* WORK ORDER *
The material below has pictures in it. Set down only the lines from the line containing "- エマフランシス ポインテッドトゥ フラット ビジューバックル サテンパンプス" through the line containing "BGMはJーPOP。箸は割り", word for word, and leave the pictures behind.

[Start of section]

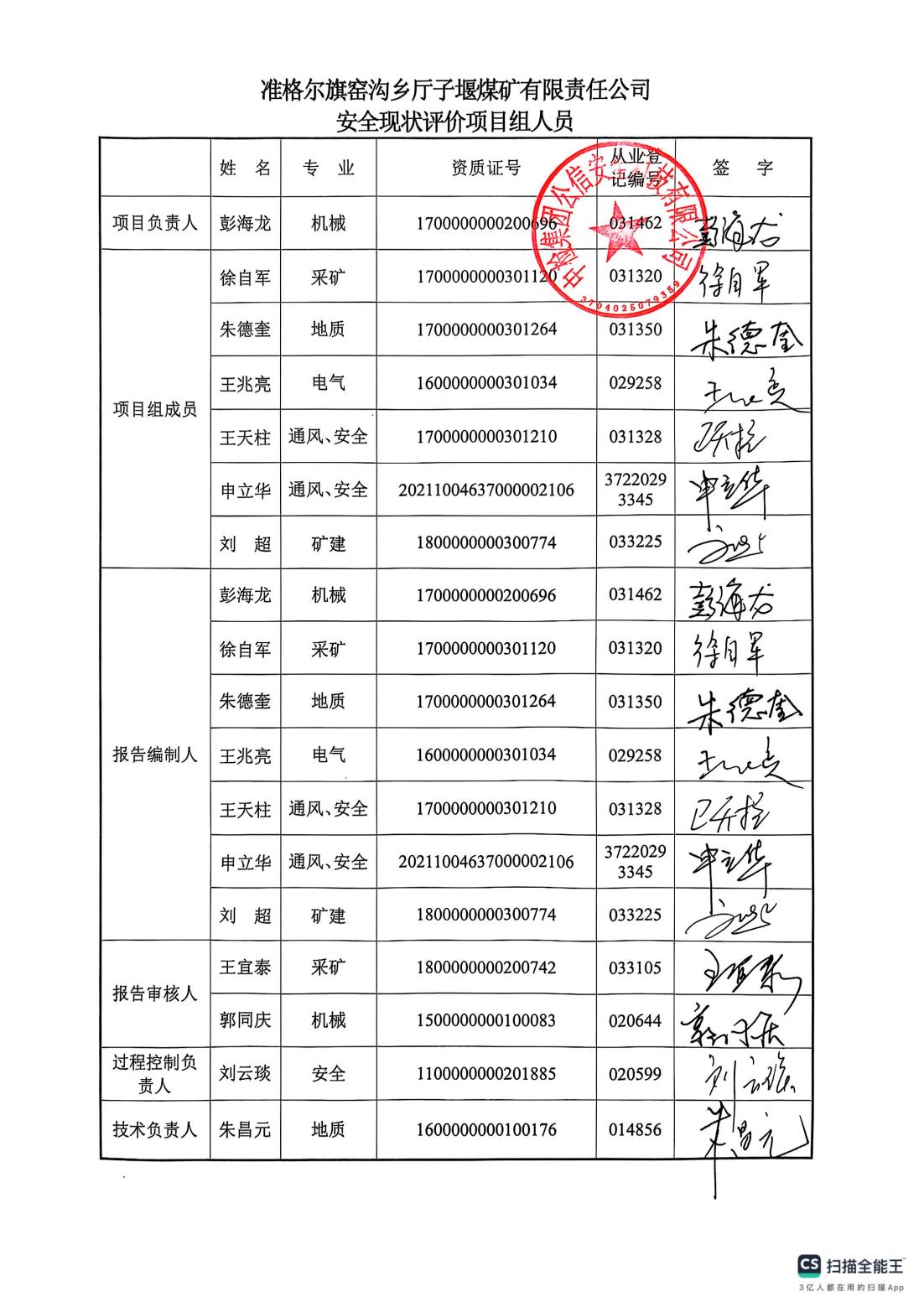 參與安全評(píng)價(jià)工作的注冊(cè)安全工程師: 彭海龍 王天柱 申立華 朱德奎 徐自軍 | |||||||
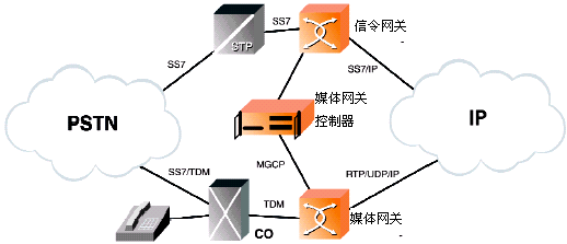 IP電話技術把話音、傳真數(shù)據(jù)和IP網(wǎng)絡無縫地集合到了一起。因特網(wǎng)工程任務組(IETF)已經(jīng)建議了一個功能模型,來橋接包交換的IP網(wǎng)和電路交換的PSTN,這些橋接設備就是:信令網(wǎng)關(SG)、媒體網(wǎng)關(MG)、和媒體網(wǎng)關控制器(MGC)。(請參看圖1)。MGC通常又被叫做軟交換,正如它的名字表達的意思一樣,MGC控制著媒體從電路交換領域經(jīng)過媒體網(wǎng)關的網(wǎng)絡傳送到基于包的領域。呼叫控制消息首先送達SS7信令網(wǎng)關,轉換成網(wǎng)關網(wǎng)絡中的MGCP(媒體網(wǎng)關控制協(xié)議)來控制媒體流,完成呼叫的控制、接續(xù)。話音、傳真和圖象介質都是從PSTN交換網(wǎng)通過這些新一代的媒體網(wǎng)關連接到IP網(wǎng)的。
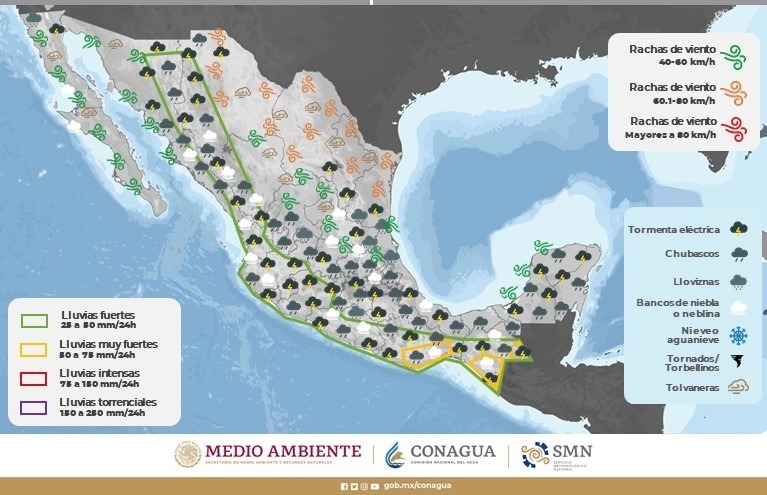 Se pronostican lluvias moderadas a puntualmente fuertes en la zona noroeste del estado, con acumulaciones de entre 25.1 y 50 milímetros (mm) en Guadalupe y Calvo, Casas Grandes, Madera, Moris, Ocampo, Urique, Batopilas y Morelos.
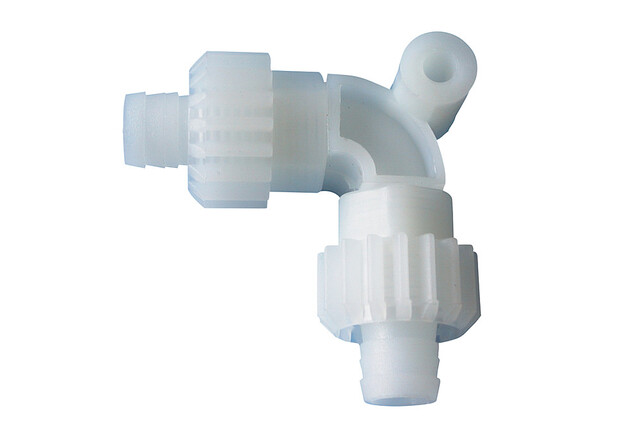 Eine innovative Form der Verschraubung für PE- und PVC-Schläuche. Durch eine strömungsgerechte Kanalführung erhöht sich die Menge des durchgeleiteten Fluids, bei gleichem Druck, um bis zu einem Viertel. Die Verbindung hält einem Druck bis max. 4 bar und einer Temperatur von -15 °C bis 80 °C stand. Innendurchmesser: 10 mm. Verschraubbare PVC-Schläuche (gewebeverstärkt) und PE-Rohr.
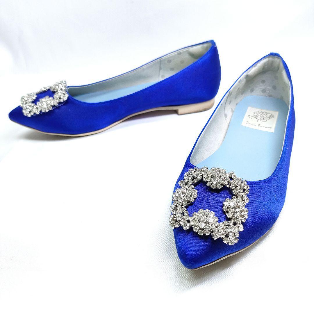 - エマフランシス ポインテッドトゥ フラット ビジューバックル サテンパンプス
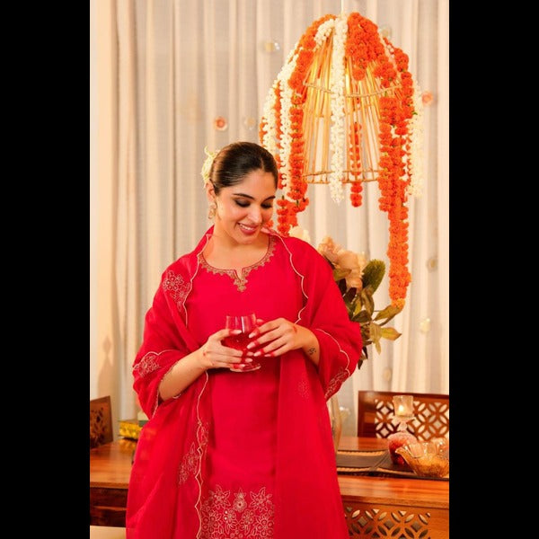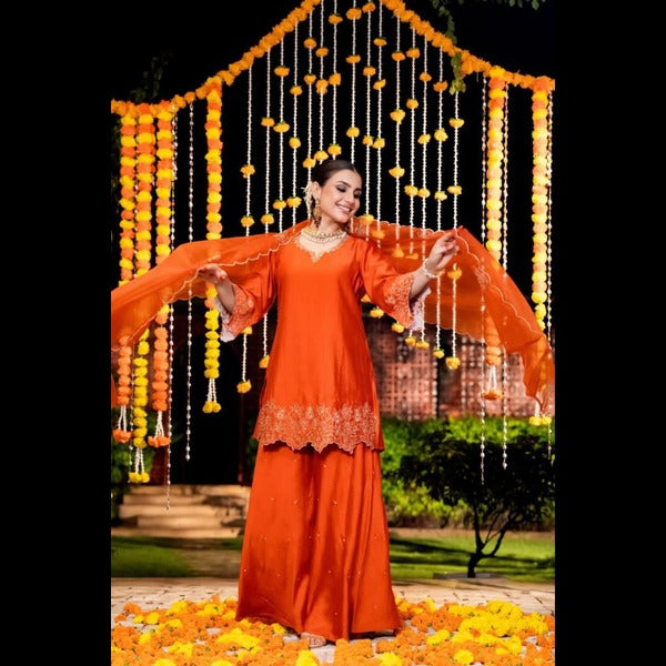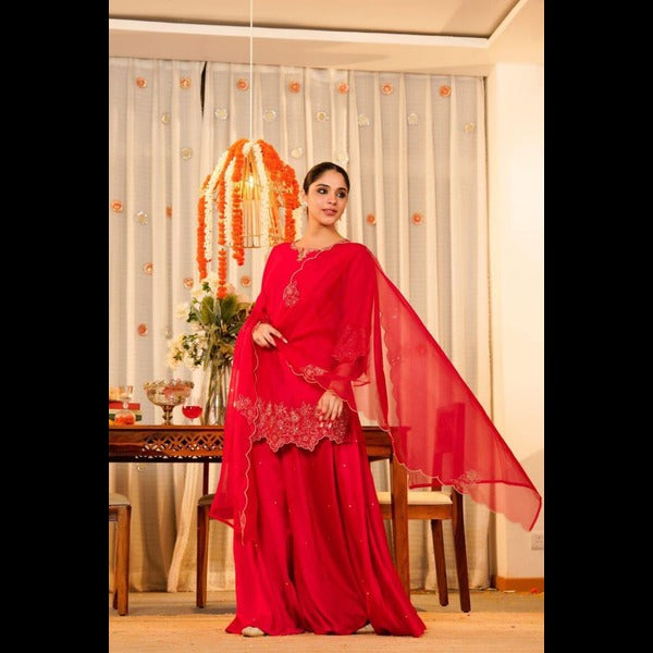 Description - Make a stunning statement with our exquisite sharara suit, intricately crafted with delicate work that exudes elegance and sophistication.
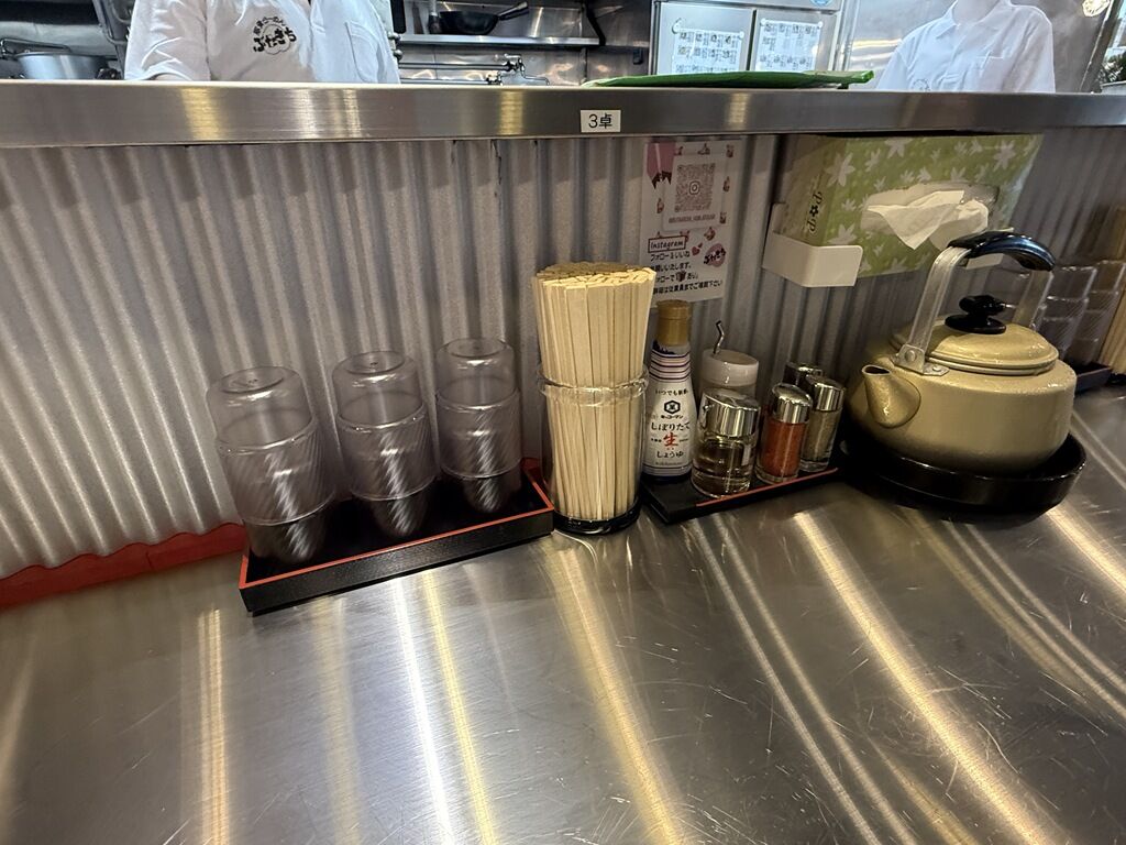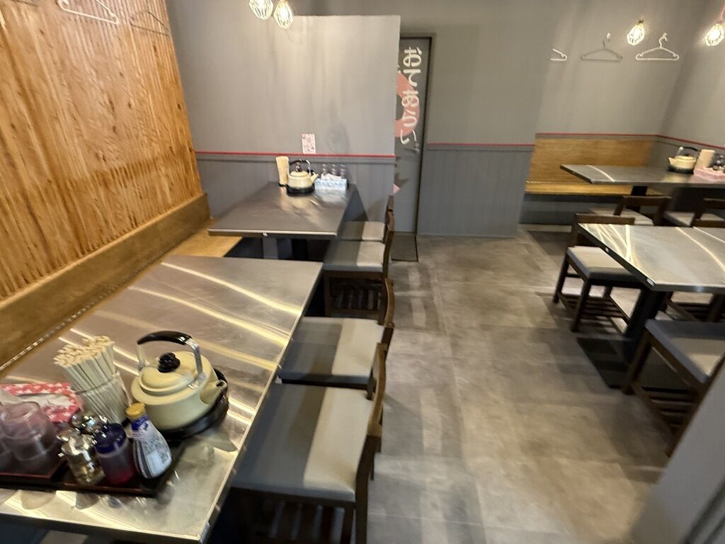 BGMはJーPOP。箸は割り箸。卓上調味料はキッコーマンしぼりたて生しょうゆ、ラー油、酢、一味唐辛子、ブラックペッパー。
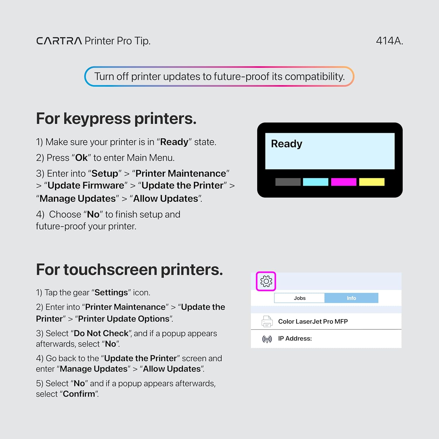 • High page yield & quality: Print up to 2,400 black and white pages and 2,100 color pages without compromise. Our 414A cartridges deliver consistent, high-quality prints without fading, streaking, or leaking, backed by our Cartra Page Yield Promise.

[End of section]

* ANSWER TO THIS TASK *
 - エマフランシス ポインテッドトゥ フラット ビジューバックル サテンパンプス
 Description - Make a stunning statement with our exquisite sharara suit, intricately crafted with delicate work that exudes elegance and sophistication.
 BGMはJーPOP。箸は割り箸。卓上調味料はキッコーマンしぼりたて生しょうゆ、ラー油、酢、一味唐辛子、ブラックペッパー。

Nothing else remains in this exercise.